## Recorded information
======

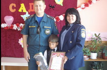 30.05.2014 года в МБДОУ «Детский сад «Солнышко « с.Кузайкино» старший инспектор ОНД по Альметьевскому муниципальному району УНД ГУ МЧС России капитан внутренней службы Бибиков А.Н. и старший инспектор ВДПО Нуруллина Г.Р. наградили воспитанника нашего детского сада Зеляева Рамазана, занявшего 3 место на республиканском этапе Всероссийского конкурса детско- юношеского творчества по пожарной безопасности в номинации «Художественно-изобразительное творчество»
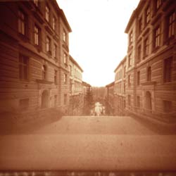 Rektilineární zobrazení je druhým specifikem dírkové fotografie. Opět začneme z druhého konce, od fotografie s klasickým objektivem. Jistě jste si už u někdy všimli, že u fotografií, pořizovaných na „krátké ohnisko“ se projevuje tzv. soudkovitost. Je to dáno tím, že vzdálenost středu objektivu je jiná od středu a od kraje filmového políčka. Velice dobře vidět je to např. u architektury, kde jsou najednou rovné linie zahnuté jakoby kolem středu a vyfocené věže vypadají, jako by uprostřed byly nafouklé. Tak tohle se nám u dírkové fotografie nestane. Kvůli tomu ale budeme muset nějak kompenzovat rozdílné vzdálenosti jednotlivých částí filmu od dírky a tato kompenzace se projeví právě rektilineárním zobrazením. Všechny přímky na naší fotografii zůstanou v naprosto nezměněné perspektivě, rovnoběžky budou rovnoběžky, z přímek budou přímky, ale daní za to bude, že se nám fotka ke krajům bude protahovat. Při pohledu na snímek to vypadá, jako bychom záběr fotili ve velké rychlosti čelem ke směru pohybu, a kraje jsou pak dynamicky rozmazané.
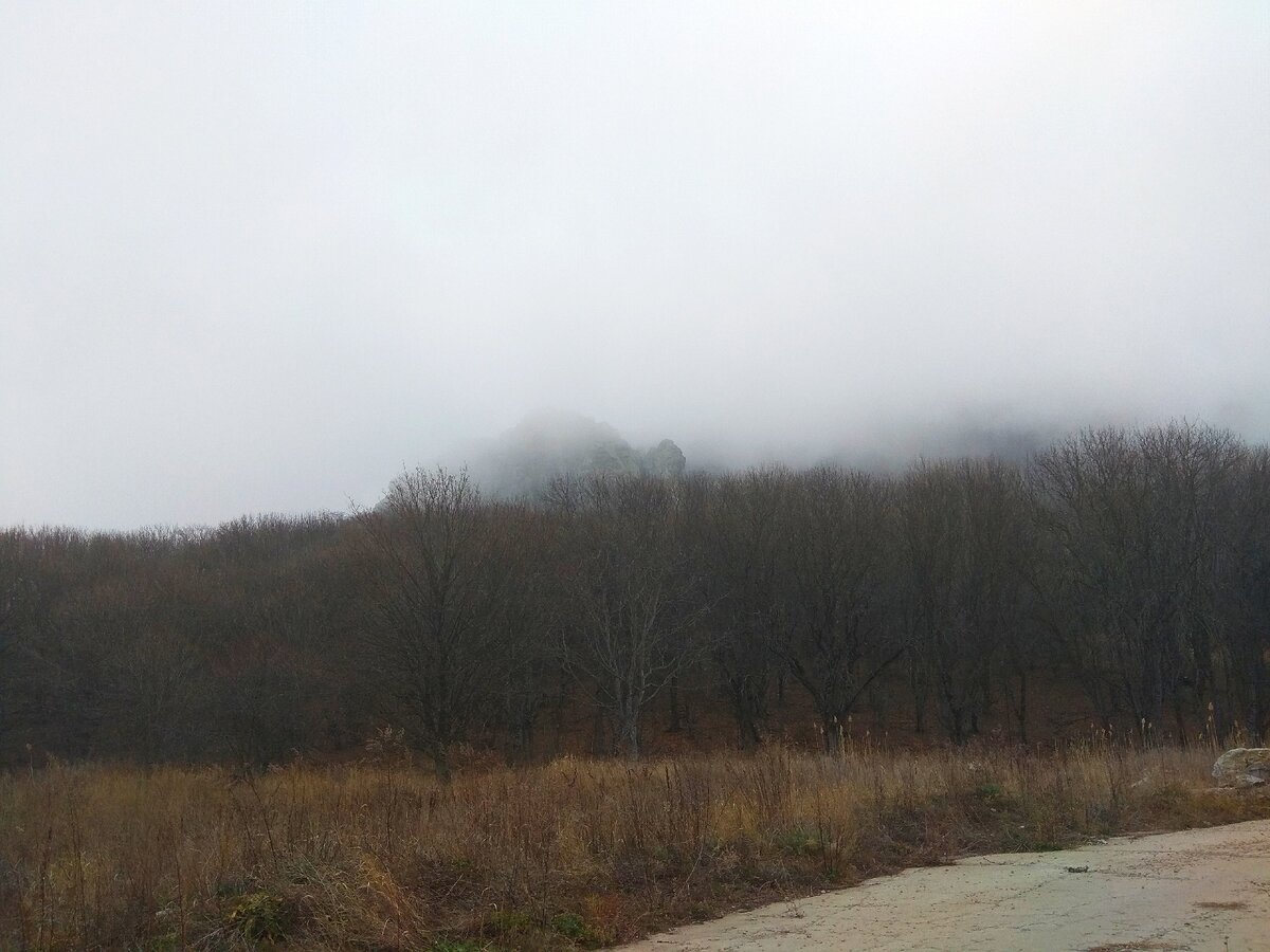 Предзимье. Уже давно темнеет всё раньше и раньше, а на Кавказе, так и в пять вечера скоро будет совсем ночь. На той неделе ездил прогуляться по ноябрьскому лесу под горой Бештау. В этот раз лес мне показался каким-то по-особому мрачным. Как будто бы в ожидании чего-то. И природа не ошиблась - буквально через пару дней налетел циклон с похолоданием и ветром, который принёс нам лёгкий снег и обледенение дорог. Но тогда пока ещё было сухо, хоть и пасмурно, или даже сумрачно. И уже холод спешил занять своё место. Сейчас в лесу самые яркие пятна - это остатки зелени в подстилке, да мшистые пни и поваленные деревья. Но дальше в чащу всё становится более серое и мрачное. Впереди сквозь туман проступают силуэты Орлиных скал. Словно какой-то призрачный замок встают они впереди своей неприступной стеной. Неправда ли, выглядит это всё зловеще? Вот и мне так показалось. Но в каждое время года природа особенная и интересно запечатлеть её в любом состоянии... Ладно, пора возвращаться обратно домой.

======

## Task details
Pictures aside, write out verbatim every line from the first line of the material through the line holding "Rektilineární zobrazení je".

## Written answer
 30.05.2014 года в МБДОУ «Детский сад «Солнышко « с.Кузайкино» старший инспектор ОНД по Альметьевскому муниципальному району УНД ГУ МЧС России капитан внутренней службы Бибиков А.Н. и старший инспектор ВДПО Нуруллина Г.Р. наградили воспитанника нашего детского сада Зеляева Рамазана, занявшего 3 место на республиканском этапе Всероссийского конкурса детско- юношеского творчества по пожарной безопасности в номинации «Художественно-изобразительное творчество»
 Rektilineární zobrazení je druhým specifikem dírkové fotografie. Opět začneme z druhého konce, od fotografie s klasickým objektivem. Jistě jste si už u někdy všimli, že u fotografií, pořizovaných na „krátké ohnisko“ se projevuje tzv. soudkovitost. Je to dáno tím, že vzdálenost středu objektivu je jiná od středu a od kraje filmového políčka. Velice dobře vidět je to např. u architektury, kde jsou najednou rovné linie zahnuté jakoby kolem středu a vyfocené věže vypadají, jako by uprostřed byly nafouklé. Tak tohle se nám u dírkové fotografie nestane. Kvůli tomu ale budeme muset nějak kompenzovat rozdílné vzdálenosti jednotlivých částí filmu od dírky a tato kompenzace se projeví právě rektilineárním zobrazením. Všechny přímky na naší fotografii zůstanou v naprosto nezměněné perspektivě, rovnoběžky budou rovnoběžky, z přímek budou přímky, ale daní za to bude, že se nám fotka ke krajům bude protahovat. Při pohledu na snímek to vypadá, jako bychom záběr fotili ve velké rychlosti čelem ke směru pohybu, a kraje jsou pak dynamicky rozmazané.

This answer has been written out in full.